(Dieser Artikel ist auch in deutscher Sprache verfügbar)
With its final vote on 23 October 2007, the French Parliament confirmed the introduction of DNA testing in the new immigration law to prove family links for foreign candidates applying for a more than 3 months visa on family regrouping grounds. The only recourse could now be a decision from the French Constitutional Council to remove this provision from the law, since the Parliamentary opposition (Socialists, Communists and Greens), together with some centrist members of Parliament, announced that it would challenge the adopted law before the Constitutional judge.
The final vote occurred after a Parliamentary Commission agreed on the harmonisation of the draft texts resulting from both the National Assembly and the Senate. With respect to DNA testing provision as initially adopted by the National Assembly, some modifications occurred in order to answer to some of the criticisms. Main changes are: the DNA tests will be paid by the French government and not anymore made at the expenses of the visa applicant; the biological family links would be checked against the mother's DNA to avoid unexpected, possibly dramatic revelations in the family; the need for the test should be authorised by a civil court; informed consent from concerned persons should be expressly collected; the whole provision is now declared as experimental, and will be revised after the end of year 2009.
However, these changes have by no mean satisfied the numerous opponents of this provision, as their demand remains that DNA testing should not be used to check family links, since such links cannot be reduced to blood relation. More than 280 000 persons, including personalities from all political parties, signed a petition, and thousands of people participated in street demonstrations in many French cities on 20 October against this provision.
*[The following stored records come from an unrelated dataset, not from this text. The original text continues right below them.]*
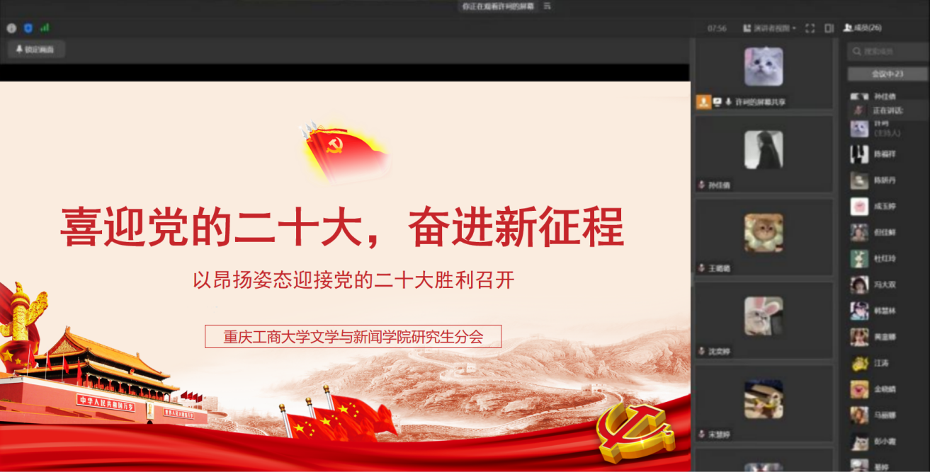 2022年10月16日上午,为更好学习落实党的二十大精神,文学与新闻学院研究生分会全体成员在线上认真收听收看党的二十大开幕会。讨论会由研分会副主席许珂主持,指导老师唐玉星全程参与讨论会议。
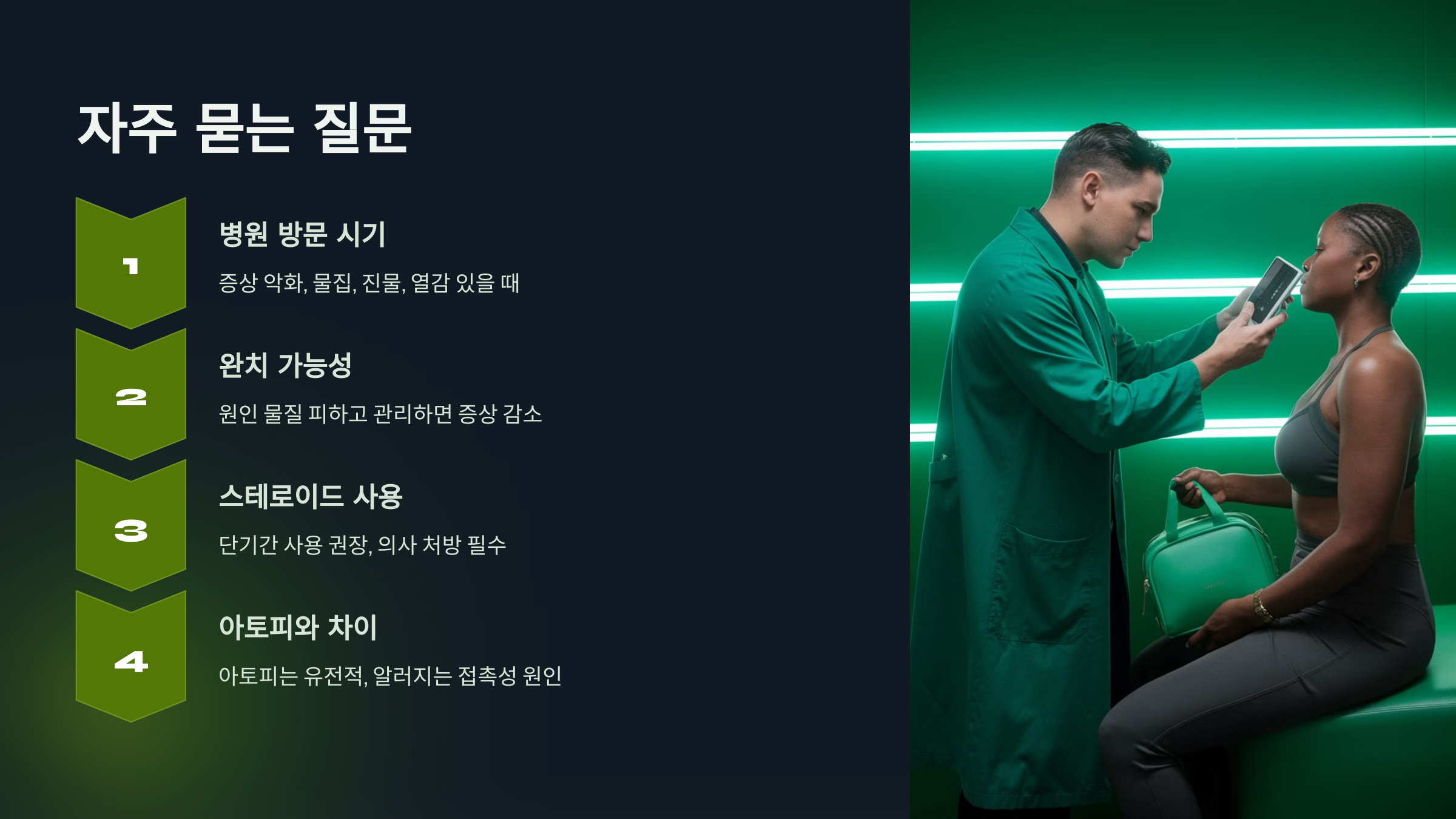 A1. 가벼운 증상이라면 항히스타민제나 보습제로 관리할 수 있어요. 하지만 증상이 악화되거나 물집, 진물, 열감이 있다면 피부과를 방문하는 것이 좋아요.
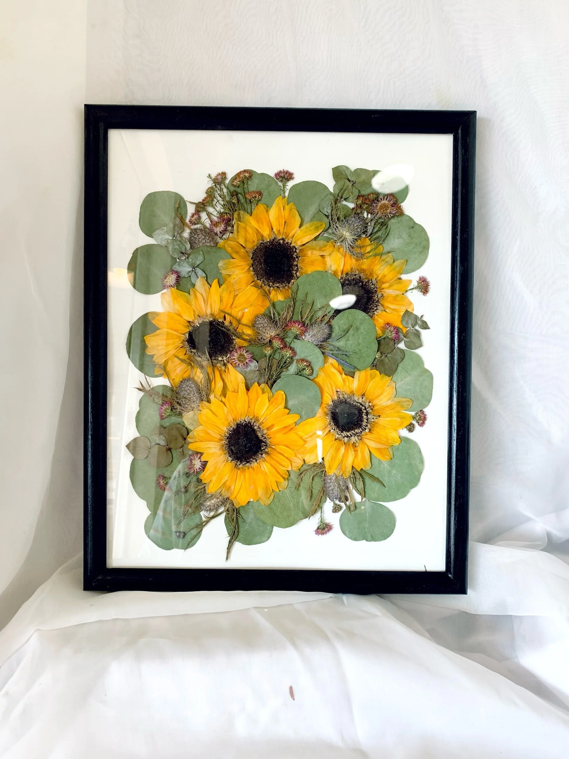 Traditional Pressed Flower Framing is your standard framing style with one piece of glass and your design secured to an art-grade paper.
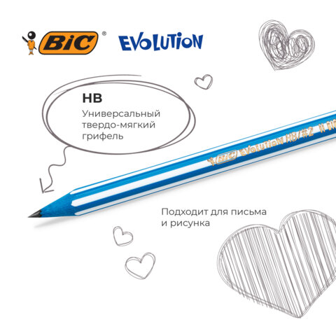 Пластиковые чернографитные карандаши BIC "Evolution" имеют яркий и стильный дизайн.
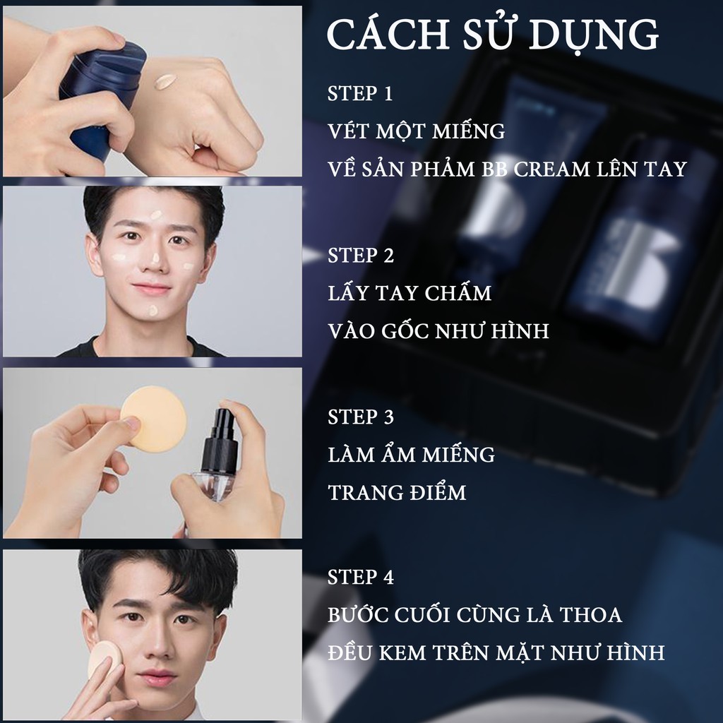 Bộ Combo BB Cream Kem Nền Che Khuyết Điểm Làm Đẹp Cho Nam Giới 50g+20g
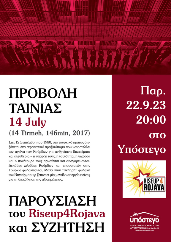 (Αναβολή) Προβολή της ταινίας "14 July", παρουσίαση του Riseup4Rojava...

Many observers commenting this provision, including in foreign countries, referred to practices from the Nazi occupation period. An editorial by the New-York Times even reminded that 'immigration issues bring out the worst instincts in politicians', while Republican presidential candidate Tom Tancredo has recently introduced a similar bill in U.S. House, as press agencies have reported. French opinion seem however divided: according to a poll made on 18-19 October 2007, only 45% of the 1000 asked persons find the provision to be "against French society values", while 49% considers DNA testing "as a good measure since it allows to check if family visa applicants are indeed members of the same family".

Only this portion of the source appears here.